Cette augmentation va de pair avec une nouvelle baisse globale du recours par les salariés au congé parental : il n'y a plus que 455 000 familles couvertes par une prestation CLCA ou PreparE en 2015, soit 7,6% de moins qu'en 2014. Faut-il y voir l'effet négatif de la réforme de 2014, sachant que ce recul est encore plus marqué que les années précédentes ? La CNAV reste prudente en soulignant que cette baisse s'observe depuis 2008. En l'absence d'études précises sur le sujet, les facteurs d'explications donnés par la CNAV tiennent à la baisse démographique (moins d'enfants), aux difficultés financières de familles n'ayant qu'un salaire mais aussi à une évolution de comportement des mères, moins enclines qu'auparavant à cesser leur travail pour garder leur enfant à domicile.

Pour FO, la réforme accentue les inégalités professionnelles

Pour le syndicat Force Ouvrière, au contraire, "cette réforme visait surtout à faire des économies" et ces premiers chiffres l'illustrent. "Faute d'allocation suffisante, les couples ne peuvent pas se permettre de laisser celui qui gagne le plus s'arrêter, et c'est le plus souvent le père. Le congé est alors soit écourté doit poursuivi sans allocations", estime le syndicat qui pointe la conséquence pour les femmes qui optent parfois pour le temps partiel : "Les travailleuses étant majoritairement concernées, elles sont davantage coupées du travail, accentuant encore les inégalités professionnelles".

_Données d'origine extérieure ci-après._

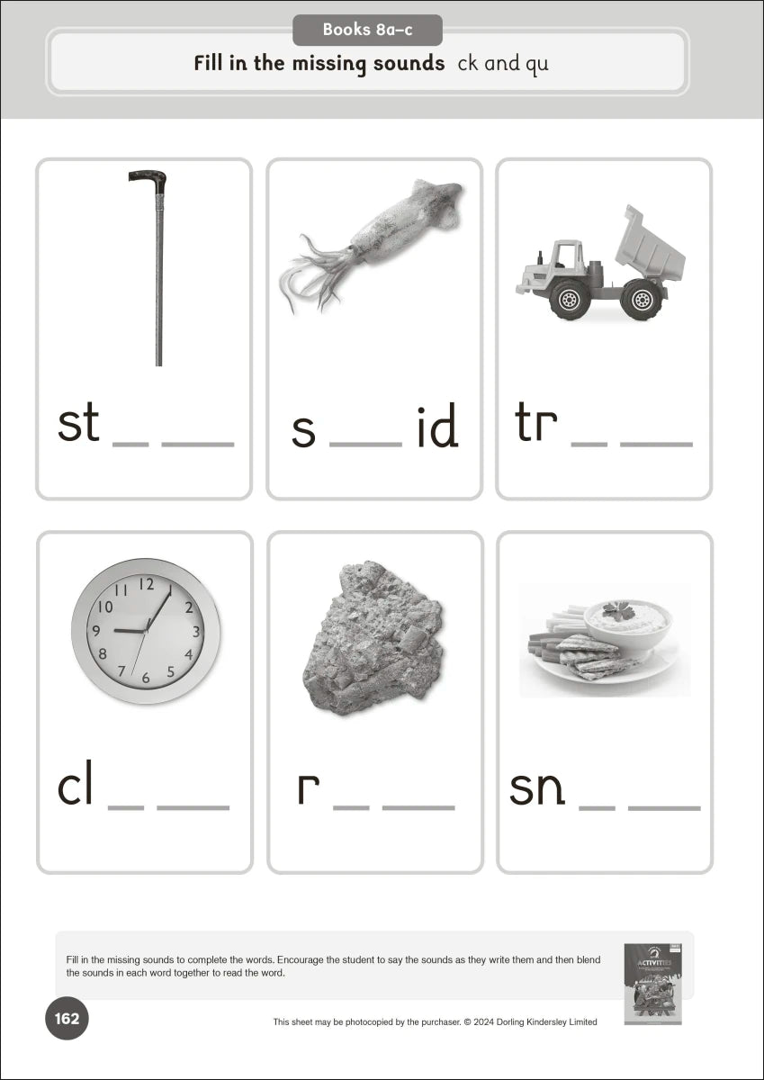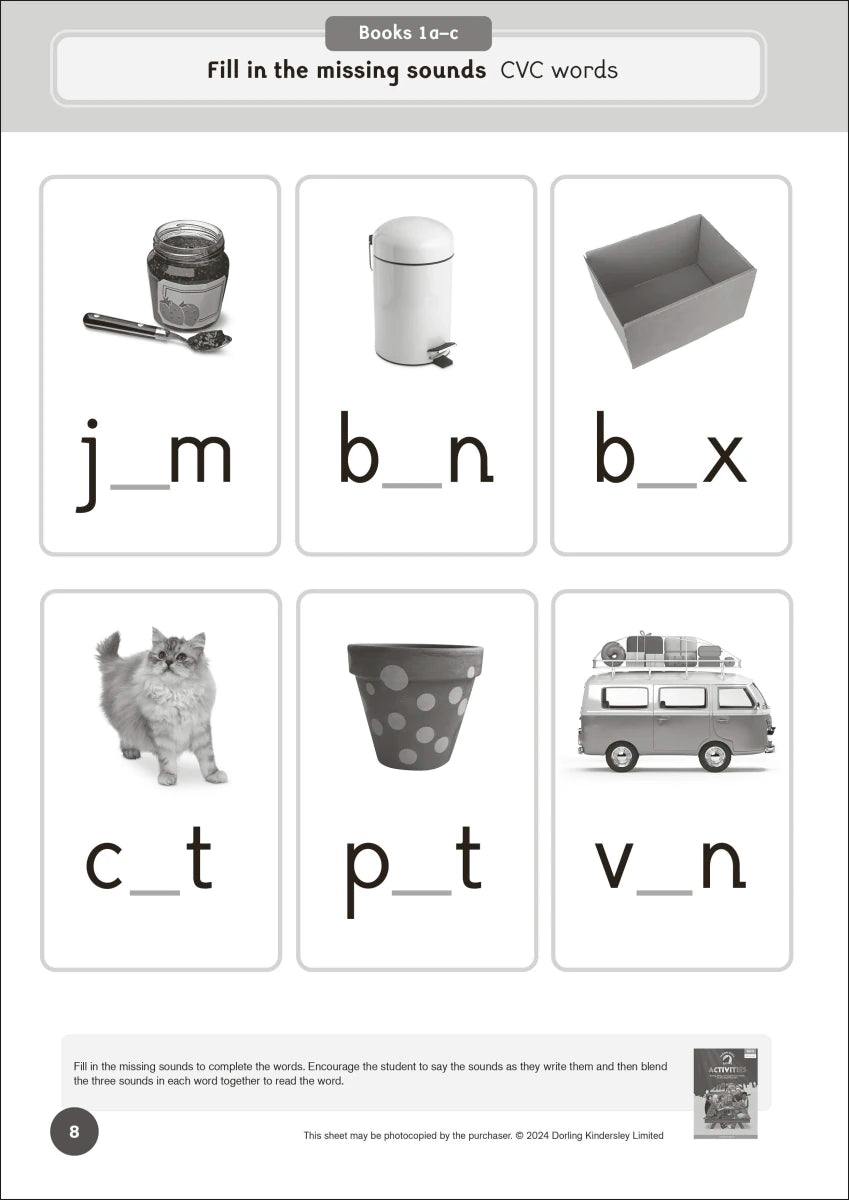 - CVC, VCC, CVCC, CCVC, and CCVCC words, introducing adjacent consonants and consonant diagraphs.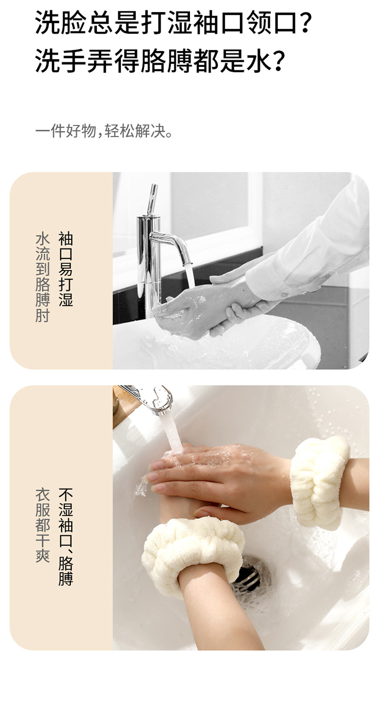 FaSoLa洗漱防湿袖护手腕洗脸手腕带神器吸水到袖口手环吸汗袖带

La CFTC propose un congé parental "sécable jusqu'aux 16 ans de l'enfant"

Pascale Coton, de la CFTC, estime également que ces résultats étaient prévisibles : "Les 6 mois de congés parental non pris par le père sont perdus pour l'enfant ! (..) Je rencontre beaucoup de jeunes mères qui n'ont pas réussi à inscrire leur enfant de 2 ans en crèche ou à l'école et qui ne peuvent pas chercher de travail faute de mode de garde".

La CFTC préconise de laisser la liberté aux femmes de prendre 3 ans de congé parental, mais en permettant de prendre en plusieurs périodes ce congé, jusqu'aux 16 ans de l'enfant. Pour Pascale Coton, "cela permettrait notamment aux parents de mieux suivre l'adolescence de leur enfant, qui est une période difficile quand on voit le nombre de tentatives de suicide à cet âge".